AVOID REDUNDANT COMPLIANCE ACTIVITIESConsider the case of a biotech and its attempt to meet FDA requirements. After an inspection, the agency informed the company that its quality systems were not robust enough to assess the effects of all the incremental changes the company had made to its processes over the years. In response, the company decided to build a "system evaluation operation," a redundant quality system that soon grew to nearly three dozen people. This elephantine operation only made compliance harder because collecting all of the data and assessments that had been promised to the FDA was virtually impossible to accomplish in a timely manner. As a result, the company often had to report instances of nonconformance. It was the worst of both worlds—higher costs and lower compliance. And it was an entirely self-inflicted wound that could have been avoided if the company had concentrated on improving its existing quality systems and showing evidence that those systems had matured.

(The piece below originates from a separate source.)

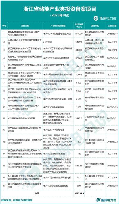 8月浙江备案产业类储能项目18个,总投资金额超30亿元,涉及储能产业领域包括储能电池、储能系统、储能PCS、电池包、光伏户用储能一体机、工商业储能产品、储能一体机柜等生产线建设及技改项目。其中包括其中包括投资15亿元的年产6GWh鹏辉智慧储能制造基地项目、浙江镇能科技年产100万套储能电池系统和储能控制系统项目、龙能电力1GW光储综合能源系统集成和能源集控平台项目等。

In other cases, biotech companies accumulate costly and unnecessary compliance activities because of what amounts to company folklore about the FDA. When asked why they engage in a particular compliance activity, company personnel will often reply "because the FDA requires it." Often, however, it turns out that the agency requires no such thing. For example, at a biotech production and packaging site for a major global pharmaceutical firm, we noted that the good manufacturing practice (GMP) space was being cleaned by company employees when outsourcing the job could have saved money. When we asked about the practice, the response was: "The FDA requires that company employees clean GMP space." There is no such FDA requirement. In fact, with a little digging, we discovered that there was no such corporate requirement either.
In other cases, biotech companies know that some of their practices are redundant and costly, but they believe stripping out a prior commitment to the FDA and reporting the change will just precipitate more compliance headaches. The company doesn't want to simply stop supplying data from, for example, an extensive assay that has always been performed, so the practice continues, even though it's unnecessary. Further, redundant compliance activities suggest to the agency that the company doesn't trust its own methods to yield accurate results. The company paints itself into a corner and costs itself money year after year. Meanwhile, the FDA welcomes improvements in processes and has made it clear that it intends to encourage continuous improvement.